Since the real flow of information had only begun a few months ago, it wasn’t surprising that no one system of security had been established but the various methods of transmittal – by hand, radio and via Teletype – added to the confusion and increased the possibility of the information’s leaking.
Even the supposedly secure Teletype line that now ran directly from Bletchley to Menzies at 55 Broadway was no guarantee of absolute privacy; Liddell himself had admitted that he and his people were monitoring telephone conversations at several embassies. If they could cut into telephone and Teletype lines, so could someone else. Unlikely perhaps, but not impossible by any means.
Morris Black thanked Fleming for his cooperation and a few minutes later Black and Swift were back in the rain, trudging across the muddy yard towards the Austin.
‘Worth the trip, sir?’ asked Swift as they let themselves back into the car. The constable fitted his key into the ignition and pressed the starter button. The engine coughed, complained, then caught. He struggled with the gears.

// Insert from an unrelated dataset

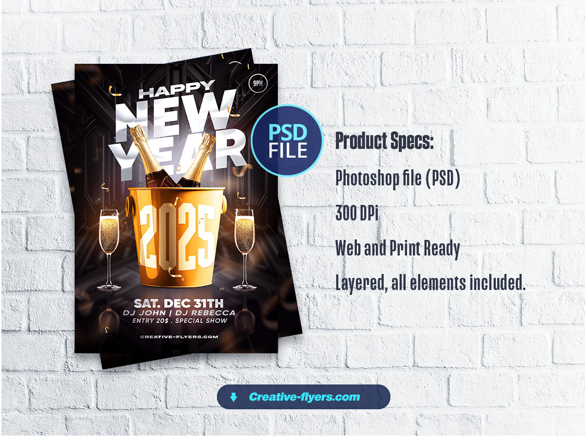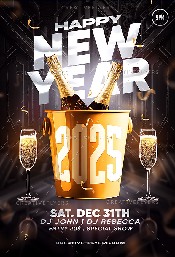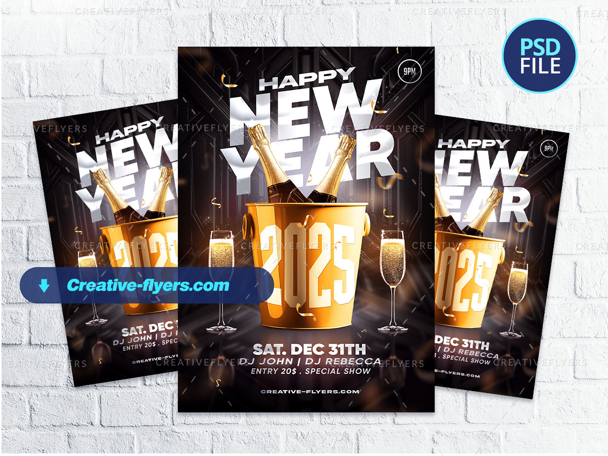 Festive and elegant New Year party flyer with a modern design. The layout features a central golden ice bucket with champagne bottles, the year ‘2025’ prominently displayed in bold, metallic gold numbers on the bucket. Above, large white text reads ‘HAPPY NEW YEAR’ in a bold, sans-serif font. The background is dark with sparkling light effects, enhancing the celebratory theme. The overall color scheme is black, gold, and white, creating an elegant and festive atmosphere.
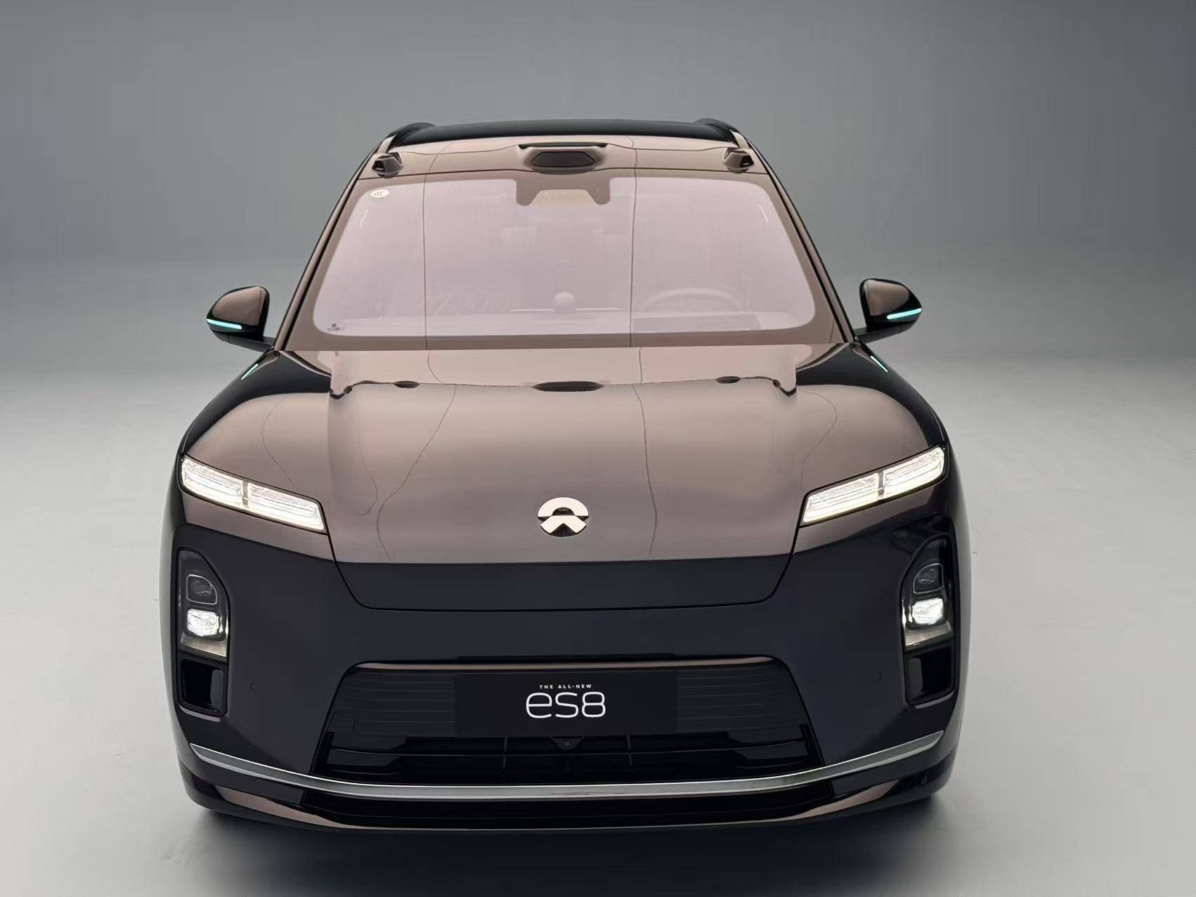 在全新es8身上,我能看到et9和新es6的影子,包括鲨鱼鼻样式的凸出前脸型面,弱化了过去“x”的风格。蔚来工程师也告诉我,这是他们和供应商花了三个月时间完成的挑战,也是目前在售车型里难度最大的一片式a面,整个全铝前机盖有2.24平方米,一体冲压成精准的负角度。

Black nodded. ‘Yes, it was worth the trip.’ Looking out through the windscreen, he could make out the two figures of Ian Fleming and his brother, watching them from the doorway of the house. Swift jerked the Ruby into reverse, turned it around in the yard, then shifted into bottom gear and headed down the track leading to the gate. They passed through and a few seconds later they were surrounded by the trees of King’s Wood once again.
Black stared out through the windscreen. ‘I’m afraid we’ll have to disturb Wren Luffington’s eternal rest.’ He grimaced. ‘We’ll need an exhumation order from Purchase, I suppose.’